**Work to be completed**
Without any images, write the data out exactly as it appears.

**Data block**
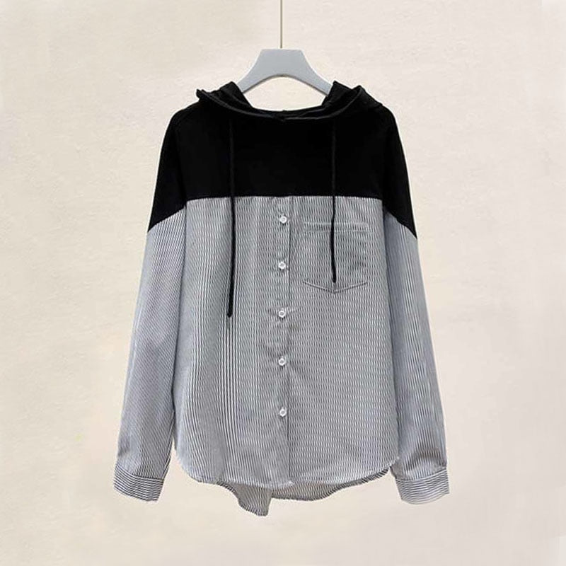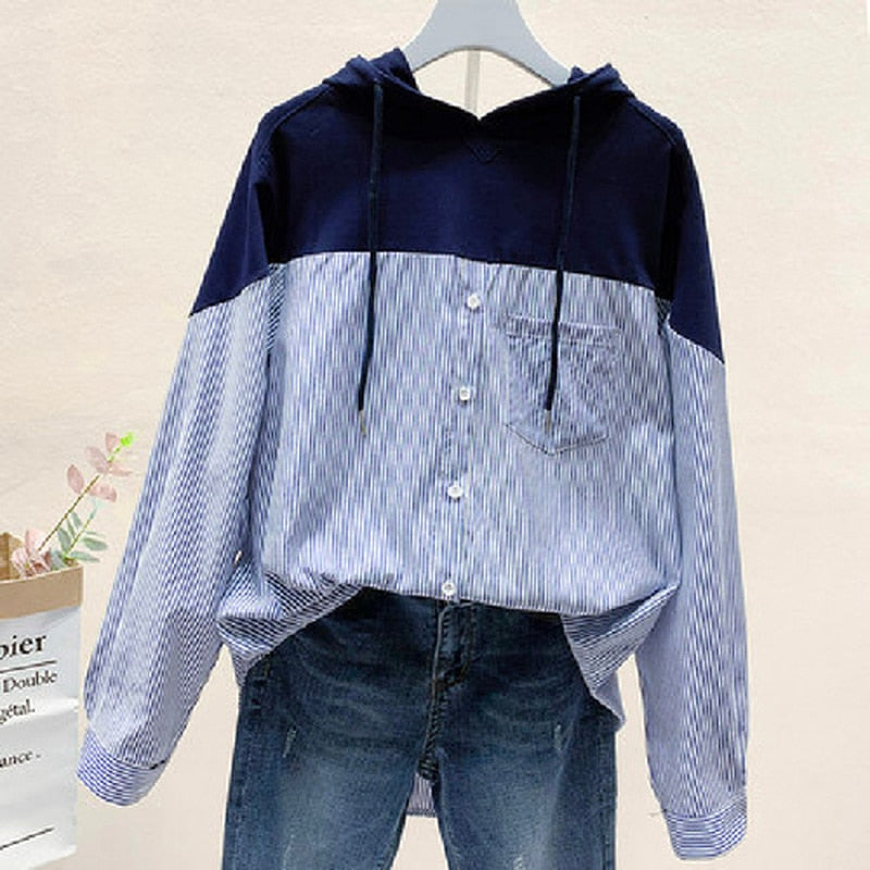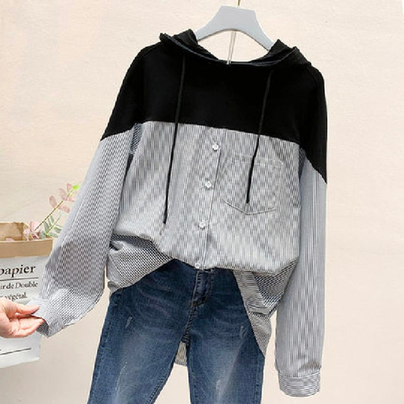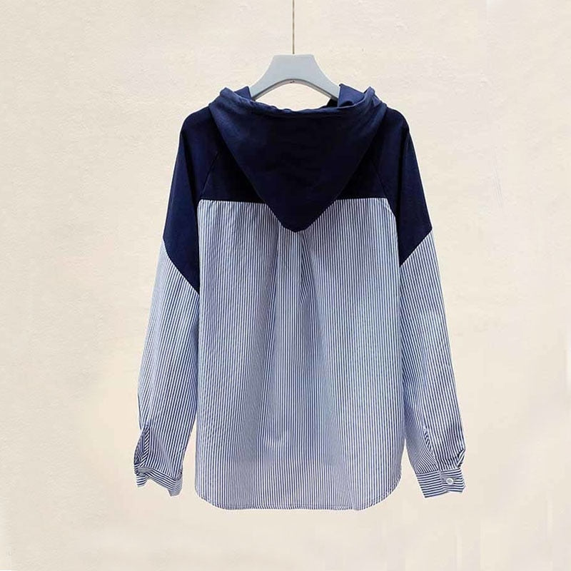 Sweatshirts Plus Size 2021 Autumn Hooded Striped Stitching Shirt Female Korean Style Loose Hoodies Women Drawstring Tops 11943
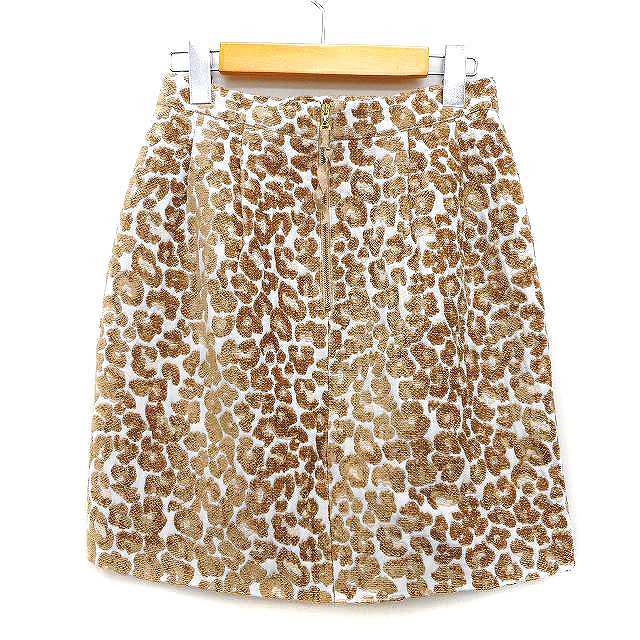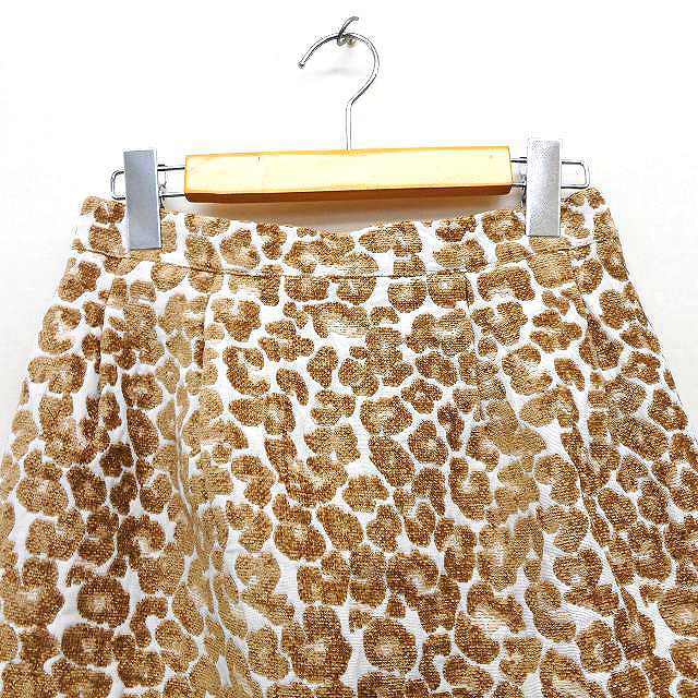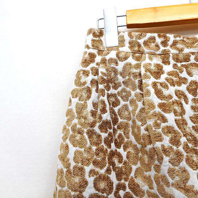 デビュー ド フィオレ Debut de Fiore 台形 スカート ミニ 膝上 ヒョウ柄 タック グログラン 38 アイボリー 白 /HT15 レディース
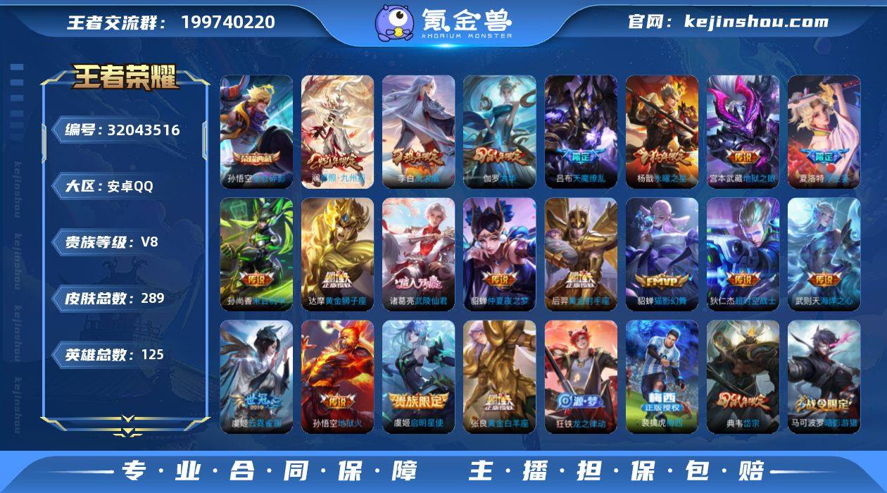 【绝版梅西九州拓凤求凰】:安卓Q-V8-至尊星耀II段位-125英雄-289皮肤-2典藏-0无双-0珍品传说-19传说-70史诗 【荣耀典藏】:武则天英雄,孙悟空全息碎影 【内测皮肤】:高渐离玩趣恶龙,干将莫邪胡桃夹子 【传说皮肤】:狄仁杰超时空战士,武则天海洋之心,吕布天魔缭乱,孙悟空地狱火,宫本武藏地狱之眼,孙尚香末日机甲,李白凤求凰,貂蝉仲夏夜之梦,诸葛亮武陵仙君,杨戬永曜之星,后羿黄金射手座,达摩黄金狮子座,虞姬云霓雀翎,张良黄金白羊座,貂蝉猫影幻舞,伽罗太华,虞姬启明星使,夏洛特浮生妄,澜愿照九州拓 【限定皮肤】:白起狰,姜子牙天穹之誓,狄仁杰阴阳师,虞姬凯尔特女王,赵云皇家上将,妲己热情桑巴,庄周蜃楼王,庄周云端筑梦师,高渐离死亡摇滚,高渐离玩趣恶龙,孙膑妖精王,扁鹊炼金王,芈月重明,吕布天魔缭乱,周瑜赤莲之焰,夏侯惇朔风刀,甄姬游园惊梦,曹操烛龙,曹操天狼征服者,典韦穷奇,典韦岱宗,马可波罗逐梦之星,马可波罗暗影游猎,狄仁杰魔术师,狄仁杰万华元夜,达摩沙漠行僧,项羽海滩派对,老夫子醍醐杖,关羽冰锋战神,貂蝉逐梦之音,程咬金演武夺筹,韩信逐梦之影,韩信飞衡,王昭君凤凰于飞,兰陵王驯魔猎人,兰陵王金庭之子,花木兰青春决赛季,孙悟空美猴王,后羿辉光之辰,李元芳银河之约,李元芳云中旅人,虞姬启明星使,钟馗驱傩正仪,杨戬永曜之星,哪吒逐梦之翼,干将莫邪胡桃夹子,雅典娜黎明之约,蔡文姬繁星吟游,太乙真人饕餮,太乙真人华丽摇滚,鬼谷子原初探秘者,诸葛亮武陵仙君,苏烈千军破阵,百里玄策原初追逐者,弈星混沌棋,公孙离蜜橘之夏,沈梦溪星空之诺,沈梦溪大漠名商,明世隐疑决卦,裴擒虎擒涛扼浪,狂铁御狮,伽罗太华,嫦娥暖冬兔眠,鲁班大师探海日志,桑启海盐诗旅,夏洛特浮生妄,张良古海寻踪,裴擒虎梅西,鬼谷子天穹祈灯 【年...

**Finished task**
 Sweatshirts Plus Size 2021 Autumn Hooded Striped Stitching Shirt Female Korean Style Loose Hoodies Women Drawstring Tops 11943
 デビュー ド フィオレ Debut de Fiore 台形 スカート ミニ 膝上 ヒョウ柄 タック グログラン 38 アイボリー 白 /HT15 レディース
 【绝版梅西九州拓凤求凰】:安卓Q-V8-至尊星耀II段位-125英雄-289皮肤-2典藏-0无双-0珍品传说-19传说-70史诗 【荣耀典藏】:武则天英雄,孙悟空全息碎影 【内测皮肤】:高渐离玩趣恶龙,干将莫邪胡桃夹子 【传说皮肤】:狄仁杰超时空战士,武则天海洋之心,吕布天魔缭乱,孙悟空地狱火,宫本武藏地狱之眼,孙尚香末日机甲,李白凤求凰,貂蝉仲夏夜之梦,诸葛亮武陵仙君,杨戬永曜之星,后羿黄金射手座,达摩黄金狮子座,虞姬云霓雀翎,张良黄金白羊座,貂蝉猫影幻舞,伽罗太华,虞姬启明星使,夏洛特浮生妄,澜愿照九州拓 【限定皮肤】:白起狰,姜子牙天穹之誓,狄仁杰阴阳师,虞姬凯尔特女王,赵云皇家上将,妲己热情桑巴,庄周蜃楼王,庄周云端筑梦师,高渐离死亡摇滚,高渐离玩趣恶龙,孙膑妖精王,扁鹊炼金王,芈月重明,吕布天魔缭乱,周瑜赤莲之焰,夏侯惇朔风刀,甄姬游园惊梦,曹操烛龙,曹操天狼征服者,典韦穷奇,典韦岱宗,马可波罗逐梦之星,马可波罗暗影游猎,狄仁杰魔术师,狄仁杰万华元夜,达摩沙漠行僧,项羽海滩派对,老夫子醍醐杖,关羽冰锋战神,貂蝉逐梦之音,程咬金演武夺筹,韩信逐梦之影,韩信飞衡,王昭君凤凰于飞,兰陵王驯魔猎人,兰陵王金庭之子,花木兰青春决赛季,孙悟空美猴王,后羿辉光之辰,李元芳银河之约,李元芳云中旅人,虞姬启明星使,钟馗驱傩正仪,杨戬永曜之星,哪吒逐梦之翼,干将莫邪胡桃夹子,雅典娜黎明之约,蔡文姬繁星吟游,太乙真人饕餮,太乙真人华丽摇滚,鬼谷子原初探秘者,诸葛亮武陵仙君,苏烈千军破阵,百里玄策原初追逐者,弈星混沌棋,公孙离蜜橘之夏,沈梦溪星空之诺,沈梦溪大漠名商,明世隐疑决卦,裴擒虎擒涛扼浪,狂铁御狮,伽罗太华,嫦娥暖冬兔眠,鲁班大师探海日志,桑启海盐诗旅,夏洛特浮生妄,张良古海寻踪,裴擒虎梅西,鬼谷子天穹祈灯 【年...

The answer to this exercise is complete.